To this end, Manatt Health’s McAvey notes in an interview that HIEs “are uniquely positioned and functionally equipped to securely collect, link and share race and ethnicity among health plans, providers and payers.”
When thinking about who is collecting what information about patients and members in the healthcare system, McAvey offers the example of Medi-Cal, California’s Medicaid program, which solicits race and ethnicity information from the member at enrollment, which then flows downstream to the plan. From there, the plan may try to enhance that understanding, and then it goes down to the provider, at which point the provider hopefully further enhances that understanding on their end, he explains. “But they are often lacking technological and data flow mechanisms to make sure that everyone in the ecosystem knows as much about this population as possible. So everyone can serve their respective roles in supporting better health. And that's where HIEs serve as historical and natural brokers to share this information with organizations that can use it.” says McAvey.
Related to HIEs, the paper also notes, “Building on their existing connections and processes, HIEs can use the data they receive from participants to create centralized R/E records for all members, improving data acquisition; apply centralized, standardized methods of R/E estimation, or use external data sources, to fill R/E data gaps while minimizing the impact on overall data integrity; and facilitate R/E data standardization among participants.”

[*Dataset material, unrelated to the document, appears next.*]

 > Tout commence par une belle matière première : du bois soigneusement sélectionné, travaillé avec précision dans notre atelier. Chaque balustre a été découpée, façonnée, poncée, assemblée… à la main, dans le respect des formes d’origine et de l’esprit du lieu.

McAvey also points to the need to develop consensus around a common standard for collecting this information. He says one of the core challenges right now is that even with those who dutifully and responsibly try to assess their patient and member population, they're often assessing them by different classifications, “which makes it incredibly difficult and oftentimes impossible to look across populations of providers and of plans to really understand where we are and where the problems lie.”

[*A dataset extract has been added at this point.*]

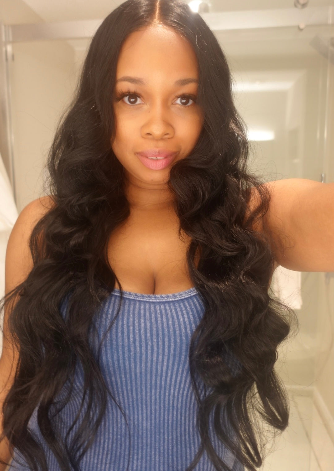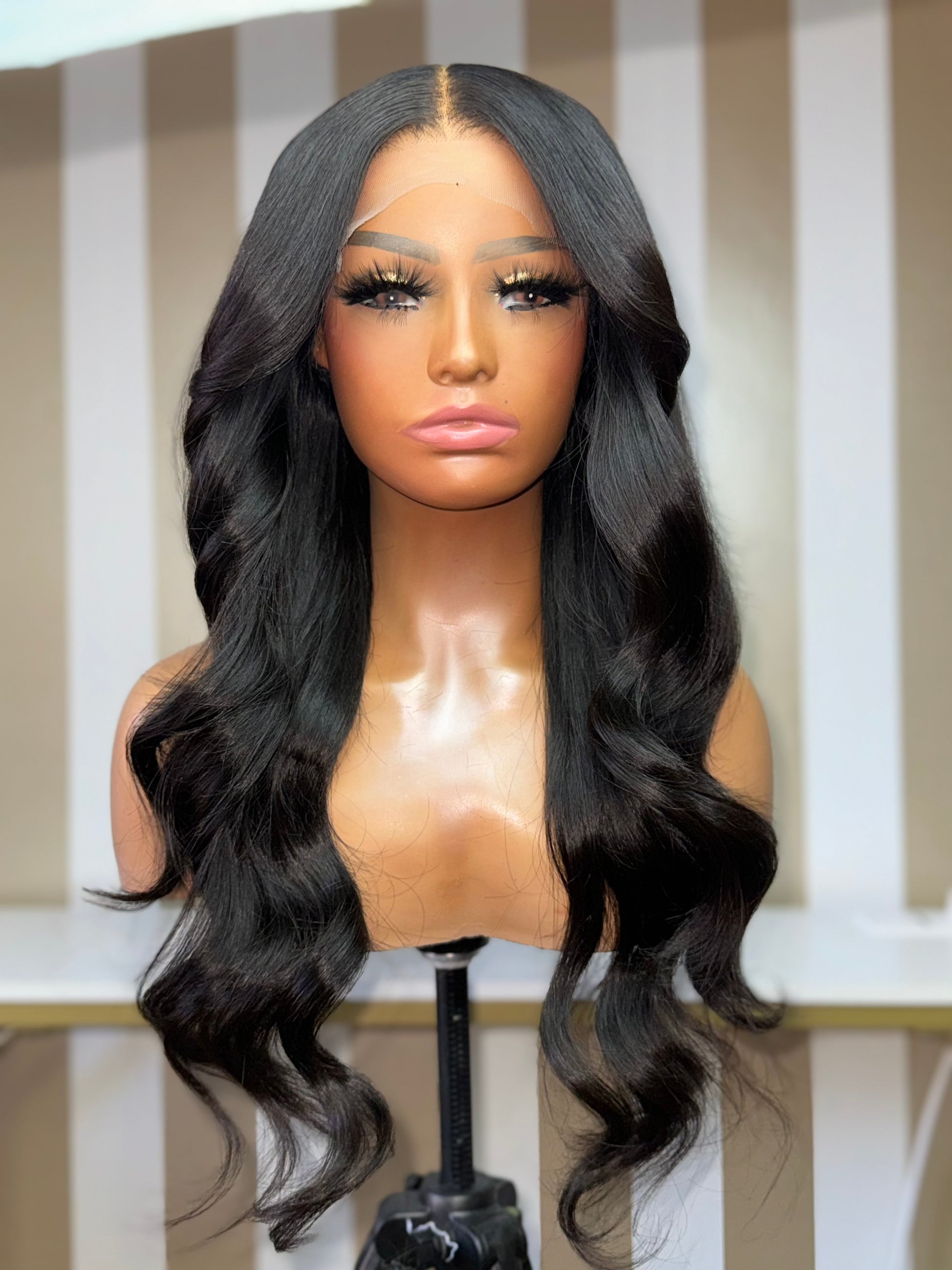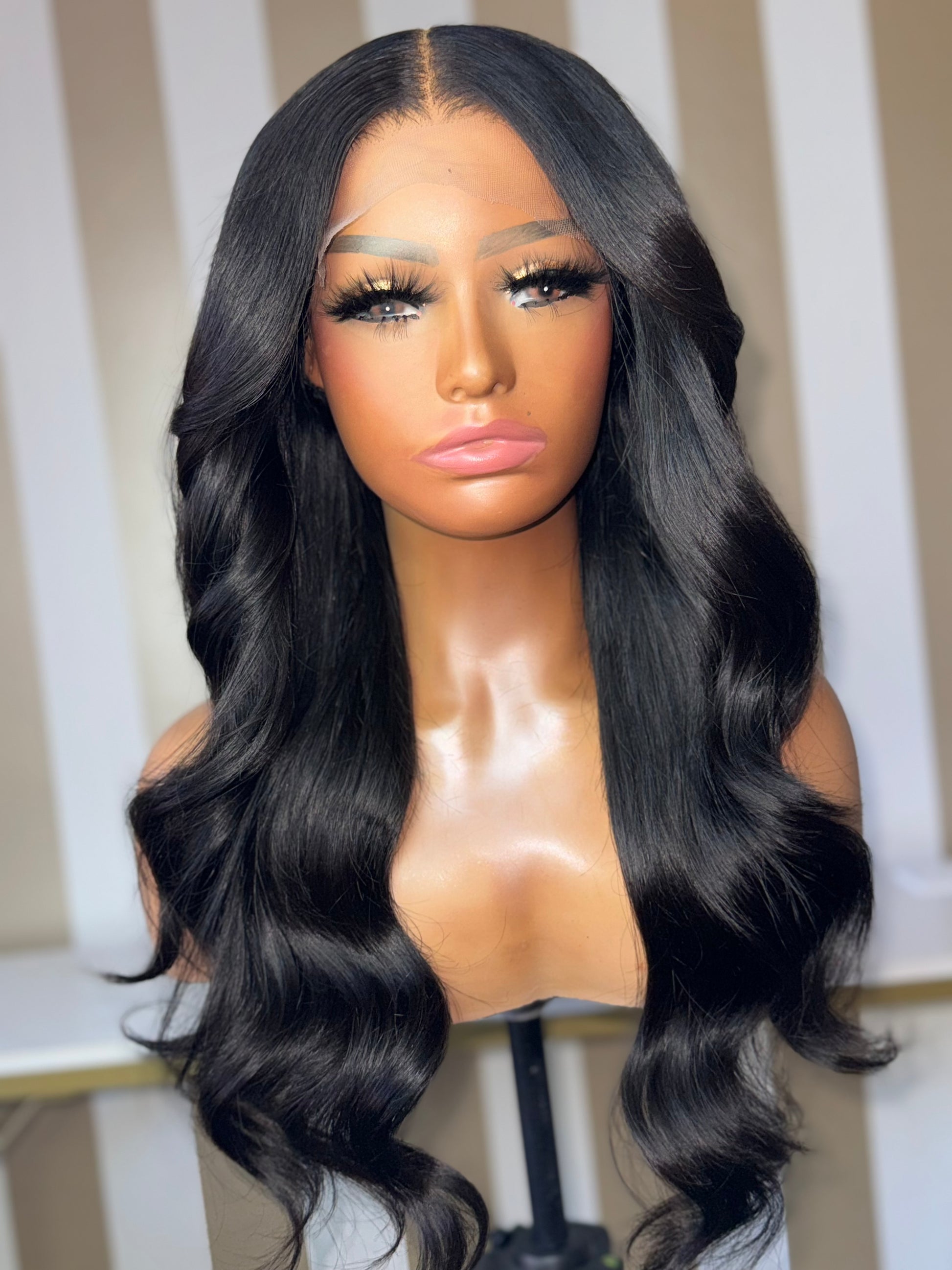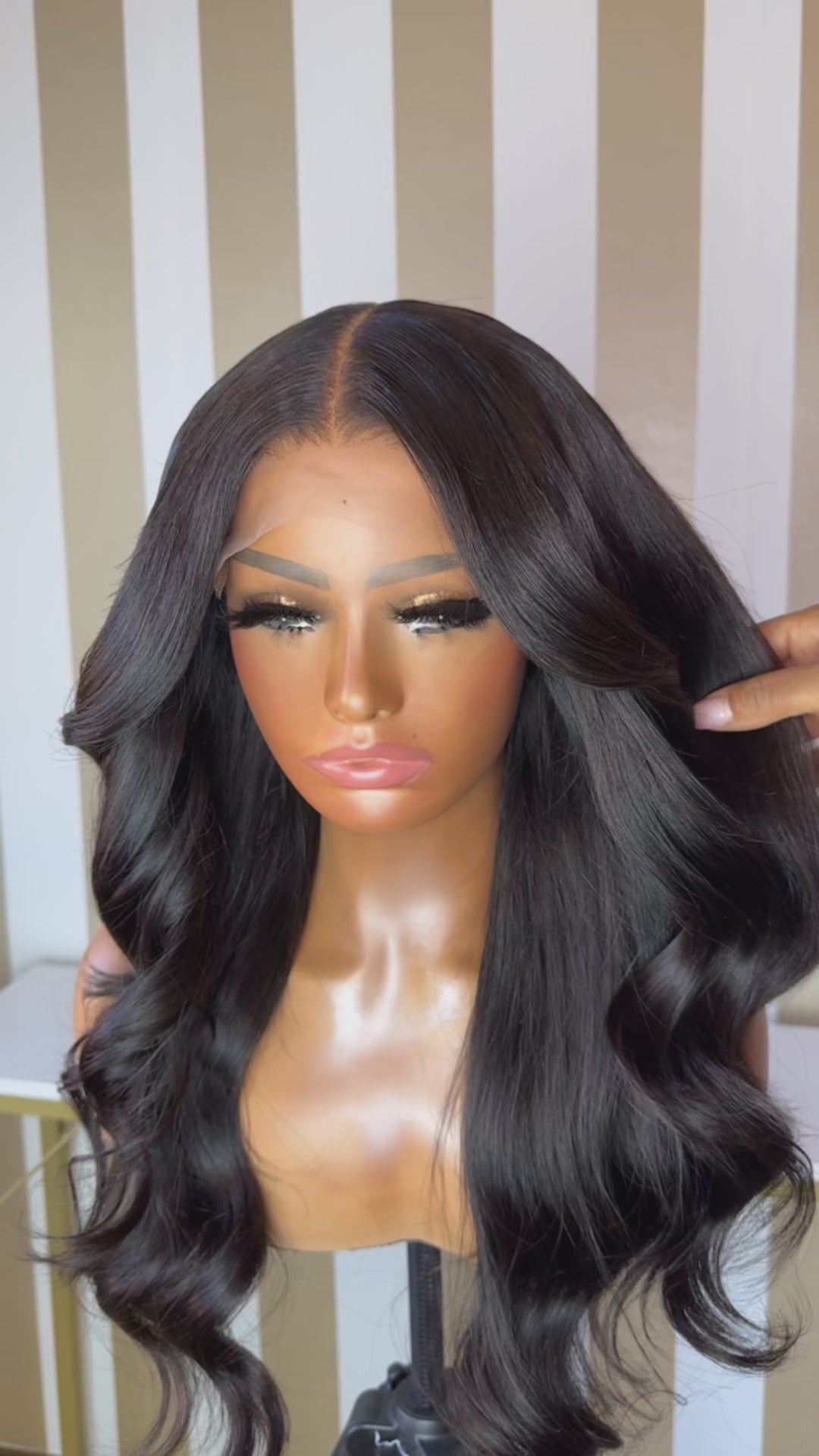 Our Glueless Wig in Natural Black (1B) offers a seamless blend of beauty and convenience. Made with 4 bundles of Brazilian body wave raw premium-quality bundles, this wig is machine-sewn and carefully crafted for durability and natural movement. It features light layering to add dimension and volume, creating a flattering silhouette.

As such, in the paper, McAvey and Reginal write, “A cross-agency workgroup should be convened to establish R/E data collection standards and acquisition targets for contracted and regulated health plans. Requirements should be embedded in regulations and state-administered contracts. Acquisition requirements should elevate R/E data collection as a plan priority, ensuring the data is available to guide interventions. The state should also facilitate sharing of industry best practices for maximizing member self-identification and optimal use of indirect data.”

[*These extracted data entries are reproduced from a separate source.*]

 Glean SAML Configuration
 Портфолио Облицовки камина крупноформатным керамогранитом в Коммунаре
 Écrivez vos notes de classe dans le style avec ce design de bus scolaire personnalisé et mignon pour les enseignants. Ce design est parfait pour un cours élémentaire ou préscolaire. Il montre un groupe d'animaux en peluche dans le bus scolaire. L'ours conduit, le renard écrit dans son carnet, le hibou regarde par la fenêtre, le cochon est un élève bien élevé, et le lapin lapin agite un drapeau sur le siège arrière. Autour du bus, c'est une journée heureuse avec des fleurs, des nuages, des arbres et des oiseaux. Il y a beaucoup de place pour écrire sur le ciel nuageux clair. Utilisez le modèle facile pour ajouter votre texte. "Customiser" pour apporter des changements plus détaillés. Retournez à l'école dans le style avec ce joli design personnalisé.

In the end, Johnice believes that progress will be measured simply by how much data health plans can get from their members. “We can’t escape it and we have to get a little more creative in terms of how we go about getting the data,” she says, offering the example of asking about race and ethnicity when members select their health plans every year.
“We also want to make it so that whatever door [patients] open in terms of the healthcare system, or in seeking services to remove barriers to healthcare, we need to be there, and be prepared to share how we will use the information, how they can understand better the outcomes of sharing that information, and then how they can get follow up,” she says.